[PATCH] apply: keep buffer/size pair in sync when parsing binary hunks

git.vger.kernel.org archive mirror
 help / color / mirror / Atom feed

* [PATCH] apply: keep buffer/size pair in sync when parsing binary hunks
@ 2021-08-10  1:01 Jeff King
  2021-08-10  5:26 ` Carlo Arenas
  0 siblings, 1 reply; 4+ messages in thread
From: Jeff King @ 2021-08-10  1:01 UTC (permalink / raw)
  To: git; +Cc: Xingman Chen

We parse through binary hunks by looping through the buffer with code
like:

    llen = linelen(buffer, size);

    ...do something with the line...

    buffer += llen;
    size -= llen;

However, before we enter the loop, there is one call that increments
"buffer" but forgets to decrement "size". As a result, our "size" is off
by the length of that line, and subsequent calls to linelen() may look
past the end of the buffer for a newline.

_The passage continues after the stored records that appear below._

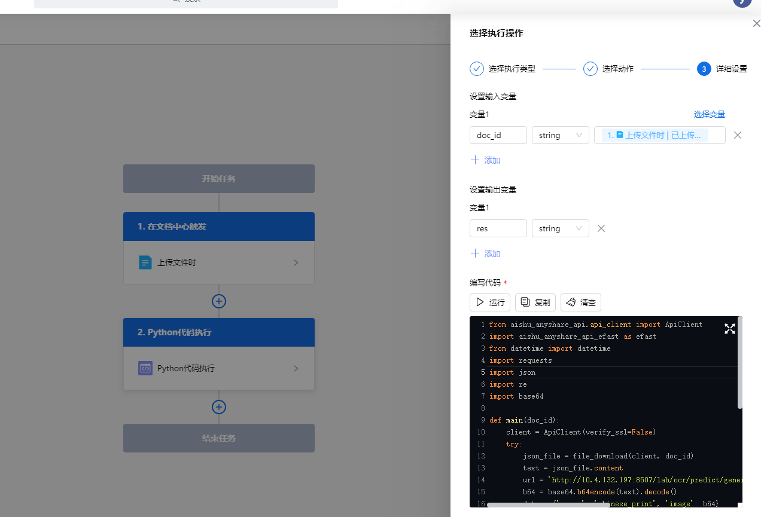 2) The Python node accepts an input variable (e.g., doc_id), which carries the document ID of the triggering file for node operations.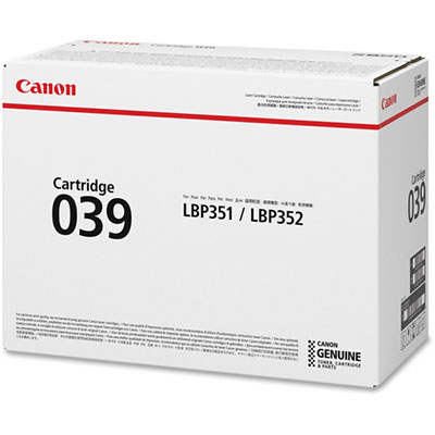 The right consumables give you the sharp results you expect from Canon Canon Inks and toners offer expanded colour reproduction and enhanced density, great for creative production SPECIFICATIONS Compatible with the following: CANON LBP351X, CANON LBP352X 11,000 Pages (estimated page yield provided based on 5% coverage or at ISO 2471 pattern/normal) Colour: Black OEM: CART039 UPC: 4549292031485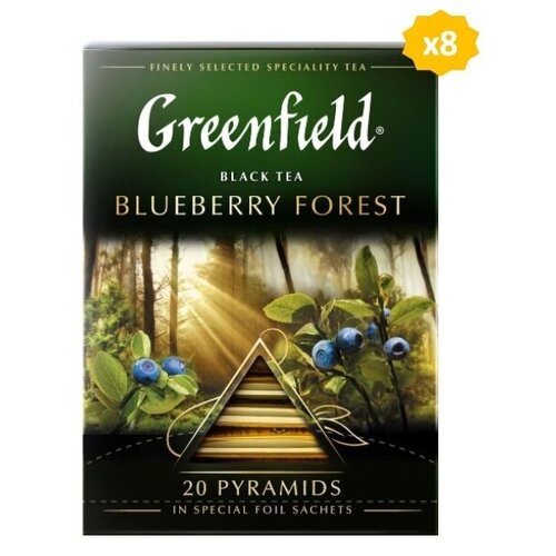 Чай черный Гринфилд блюберри форест Greenfield Blueberry Forest, со вкусом гибискуса, черники, сливок и мальвы, 8 шт по 20 пир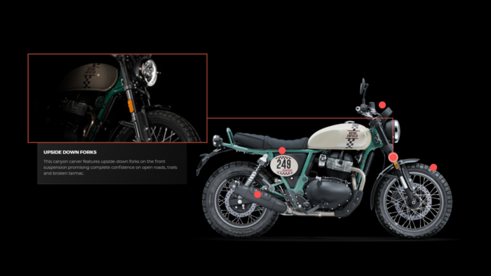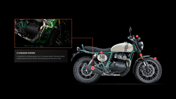 Secara visual, ia meninggalkan kesan sopan Interceptor dan beralih ke postur yang agresif. Papan nomor di samping (side panel), jok bergaya bench seat dengan tekukan di belakang, serta sasis yang sedikit diubah pada bagian sub-frame belakang yang menukik ke atas, semuanya meneriakkan aura scrambler 60-an yang kental.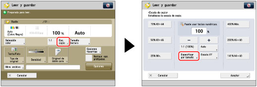 Pulse [Esc. copia] → [Especificar por tamaño].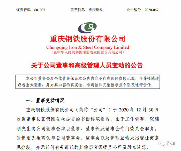 12月31日,重慶鋼鐵發(fā)布了《關(guān)于公司董事和高級管理人員變動的公告》,稱公司原董事長張錦剛提交辭呈(張錦鋼辭職后赴任新組建的中南鋼鐵董事長),公司總經(jīng)理劉建榮、副總經(jīng)理呂峰、張理全、曾兢也全部提交了書面辭職報告。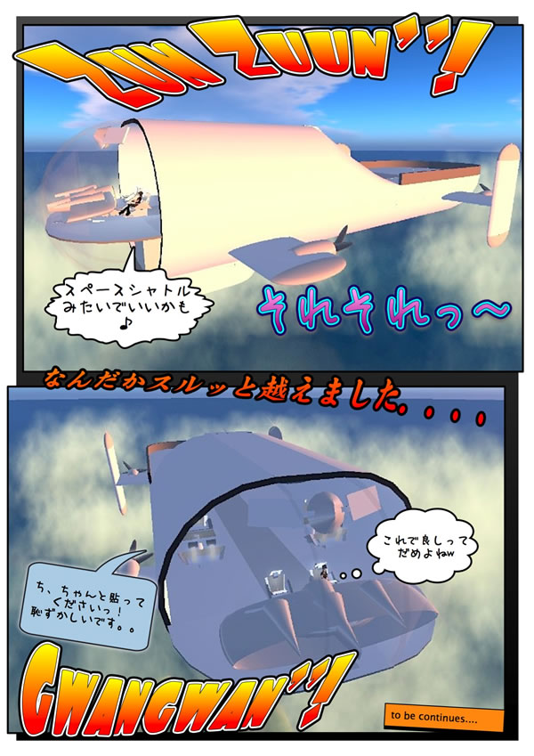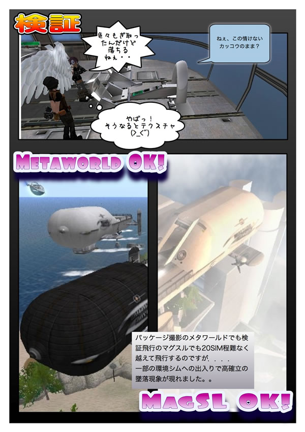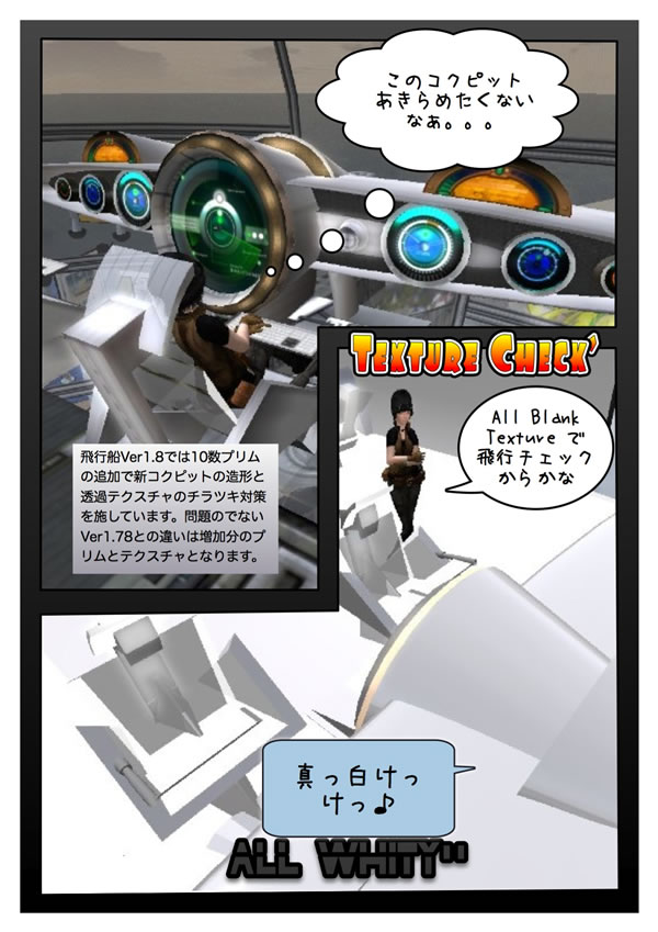テスト機体と完成版の差異は、追加プリムと貼り込んだ新装テクスチャが一番の相違点となり、昨夜はミューズさんと現地にて「パーツをもぎ取っては落ちw」の飛行検証となりました。。

The fix is easy: we just need to decrement size as we do elsewhere.

This bug goes all the way back to 0660626caf (binary diff: further
updates., 2006-05-05). Presumably nobody noticed because it only
triggers if the patch is corrupted, and even then we are often "saved"
by luck. We use a strbuf to store the incoming patch, so we overallocate
there, plus we add a 16-byte run of NULs as slop for memory comparisons.
So if this happened accidentally, the common case is that we'd just read
a few uninitialized bytes from the end of the strbuf before producing
the expected "this patch is corrupted" error complaint.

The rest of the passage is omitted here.